--- Work to complete ---
Beginning at the line that contains "Genre photograph showing", reproduce the entries below exactly, ending with the line that contains "Lundi | 07:00-19:30 |". Omit each picture.

--- Data ---
[Start of section]

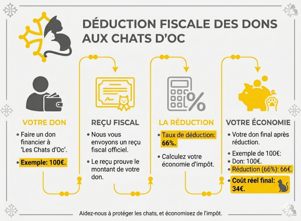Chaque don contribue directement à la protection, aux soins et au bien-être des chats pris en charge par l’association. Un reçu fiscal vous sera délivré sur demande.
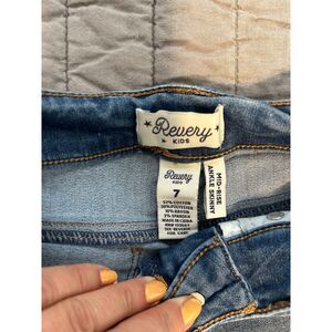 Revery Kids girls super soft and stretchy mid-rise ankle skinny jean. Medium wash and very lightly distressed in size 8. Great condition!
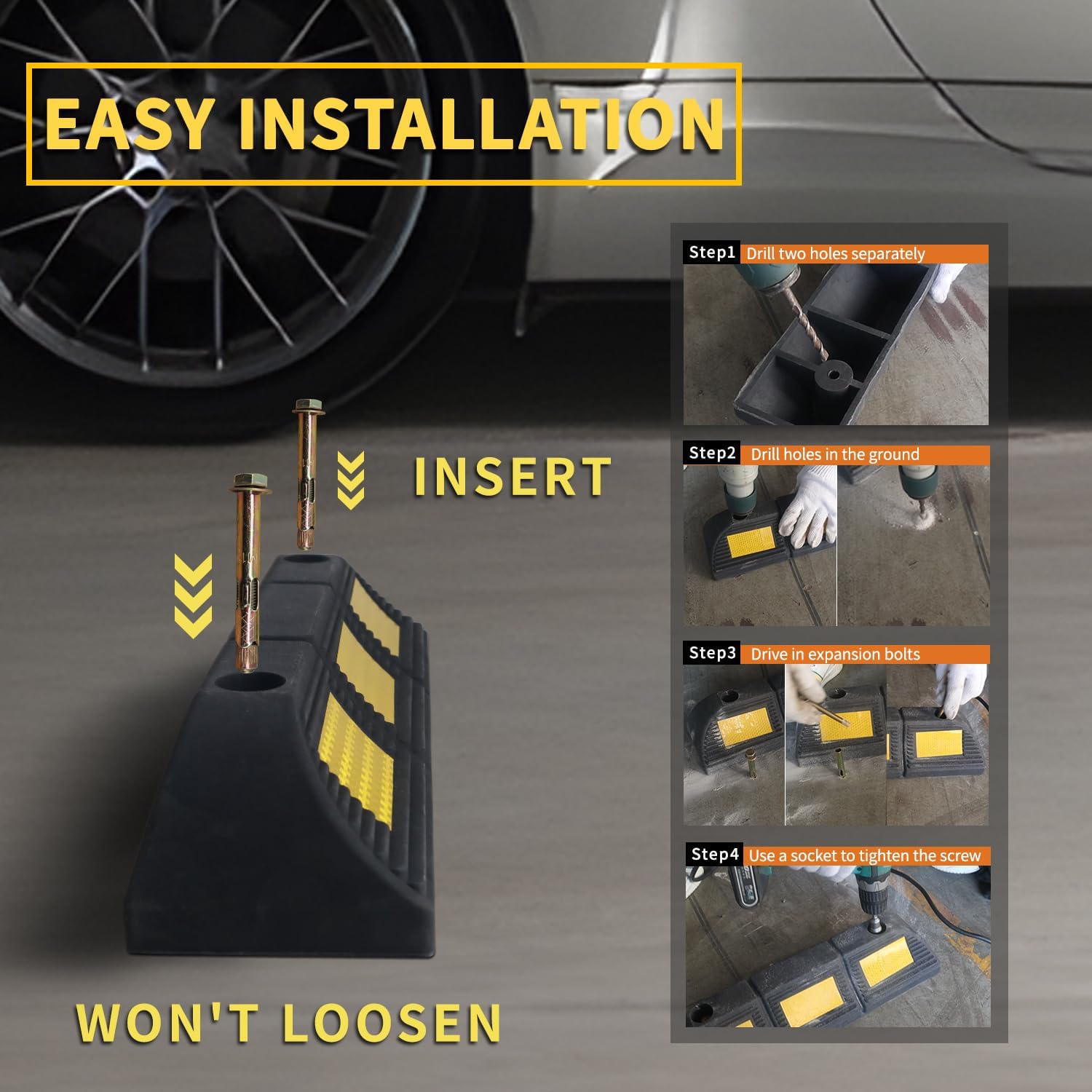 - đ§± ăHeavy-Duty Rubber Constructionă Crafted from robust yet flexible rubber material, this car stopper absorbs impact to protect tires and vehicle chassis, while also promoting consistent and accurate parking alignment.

[End of section]
[Start of section]

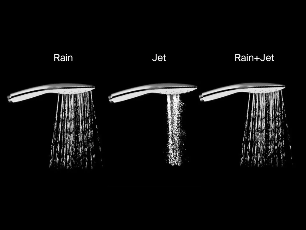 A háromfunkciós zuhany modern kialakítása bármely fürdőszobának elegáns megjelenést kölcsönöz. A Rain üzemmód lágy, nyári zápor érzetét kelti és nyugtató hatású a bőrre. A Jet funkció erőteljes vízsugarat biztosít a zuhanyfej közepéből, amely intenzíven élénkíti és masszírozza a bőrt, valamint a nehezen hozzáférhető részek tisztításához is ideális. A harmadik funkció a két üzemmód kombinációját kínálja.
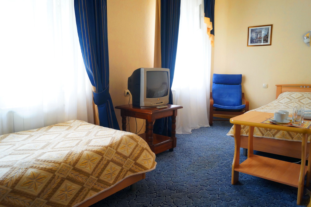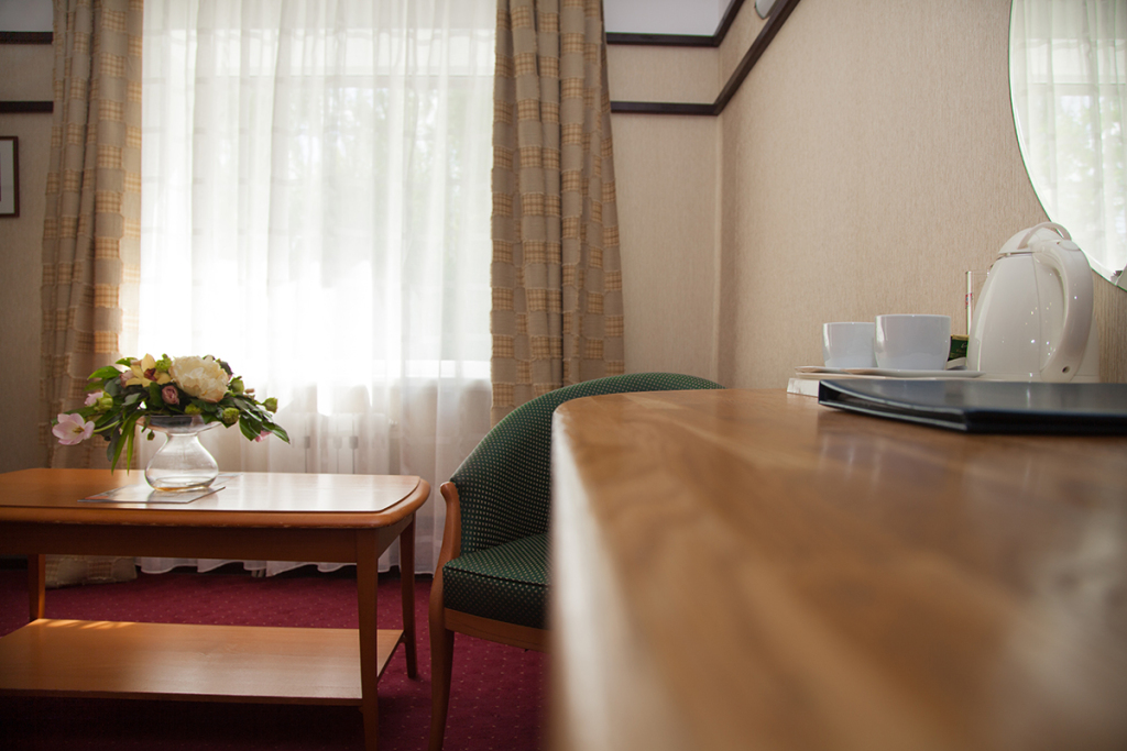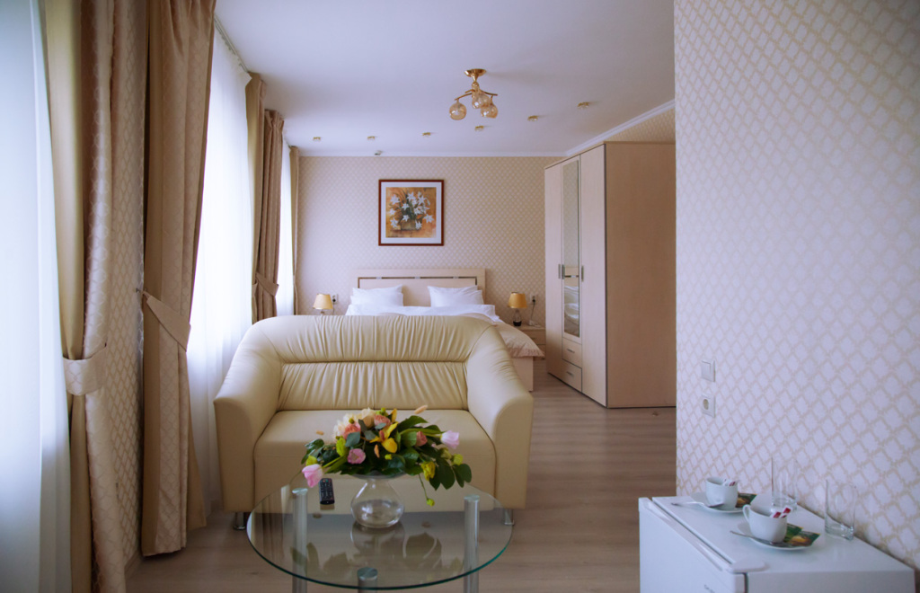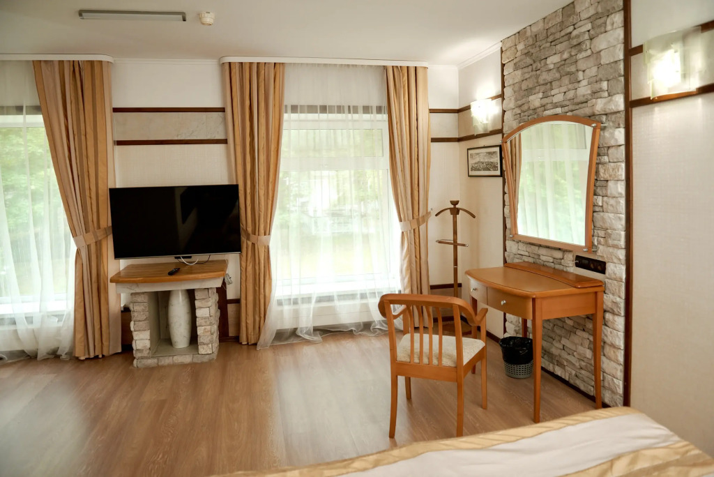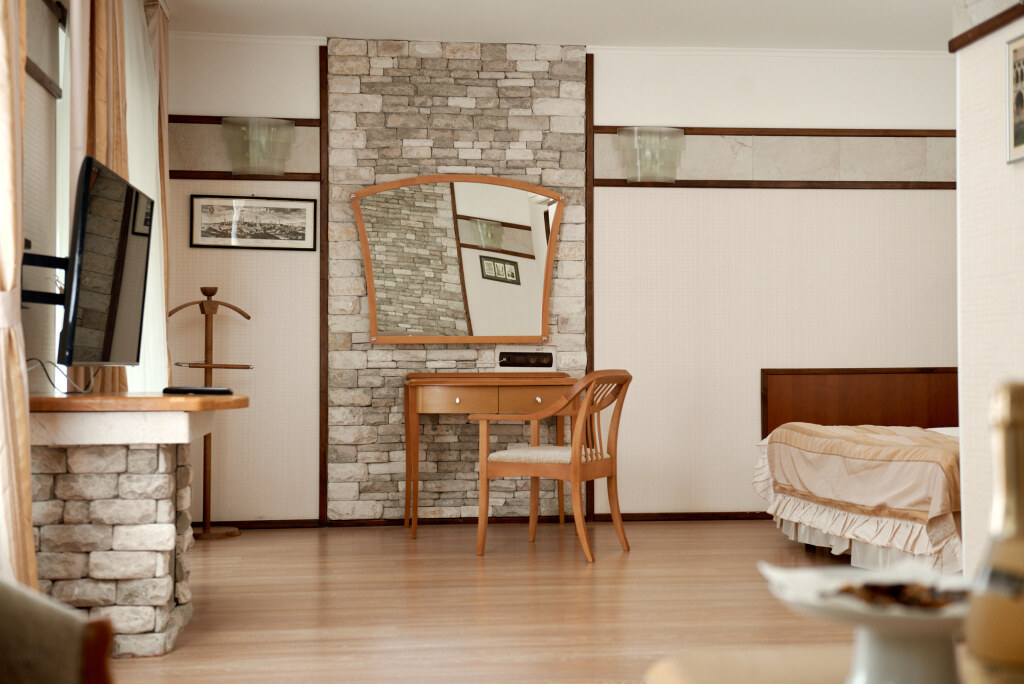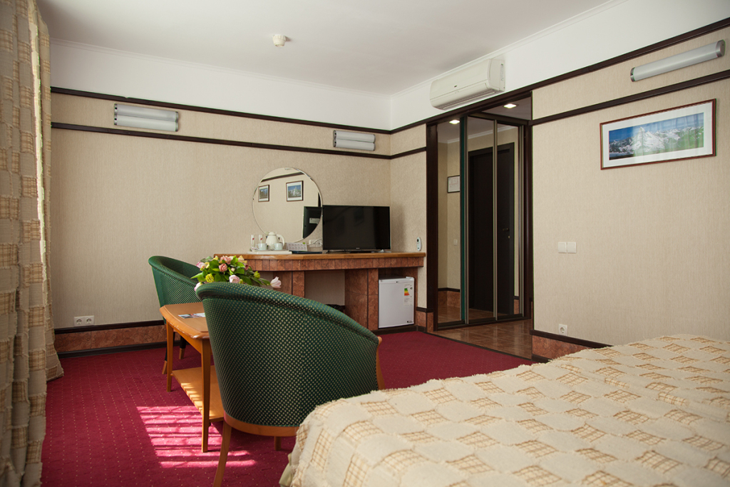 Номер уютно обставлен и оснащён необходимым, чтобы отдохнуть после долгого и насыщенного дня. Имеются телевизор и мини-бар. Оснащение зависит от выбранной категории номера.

[End of section]
[Start of section]

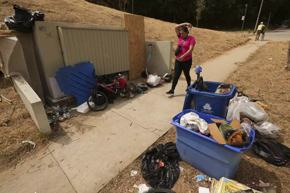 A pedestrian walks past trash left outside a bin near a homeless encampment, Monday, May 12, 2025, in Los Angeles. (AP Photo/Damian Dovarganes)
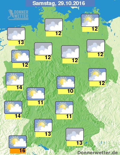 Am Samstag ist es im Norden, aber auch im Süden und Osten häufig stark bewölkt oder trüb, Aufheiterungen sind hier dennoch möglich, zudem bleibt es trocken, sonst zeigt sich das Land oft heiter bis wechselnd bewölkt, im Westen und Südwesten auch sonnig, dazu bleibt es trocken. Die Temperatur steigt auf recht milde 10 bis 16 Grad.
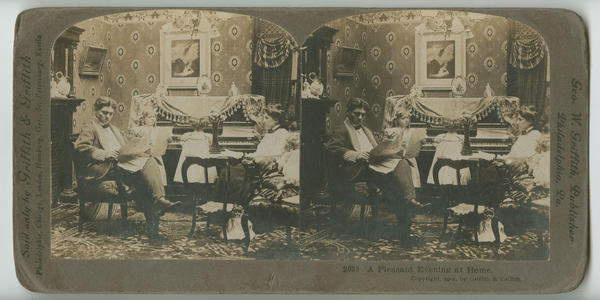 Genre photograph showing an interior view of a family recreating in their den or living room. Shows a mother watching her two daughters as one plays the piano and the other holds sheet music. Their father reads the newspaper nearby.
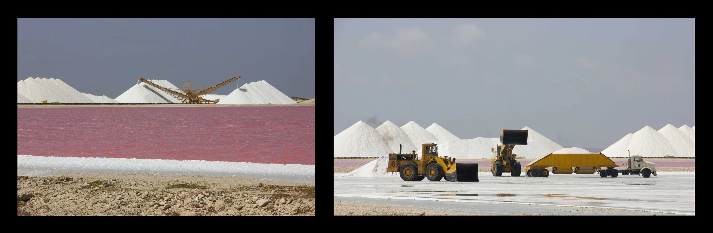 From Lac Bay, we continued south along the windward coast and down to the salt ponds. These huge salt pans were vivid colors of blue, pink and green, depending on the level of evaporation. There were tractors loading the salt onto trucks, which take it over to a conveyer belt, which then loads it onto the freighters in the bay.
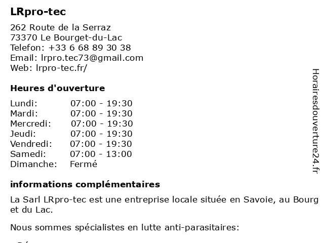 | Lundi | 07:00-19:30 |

[End of section]

--- Solution to the problem ---
 Genre photograph showing an interior view of a family recreating in their den or living room. Shows a mother watching her two daughters as one plays the piano and the other holds sheet music. Their father reads the newspaper nearby.
 From Lac Bay, we continued south along the windward coast and down to the salt ponds. These huge salt pans were vivid colors of blue, pink and green, depending on the level of evaporation. There were tractors loading the salt onto trucks, which take it over to a conveyer belt, which then loads it onto the freighters in the bay.
 | Lundi | 07:00-19:30 |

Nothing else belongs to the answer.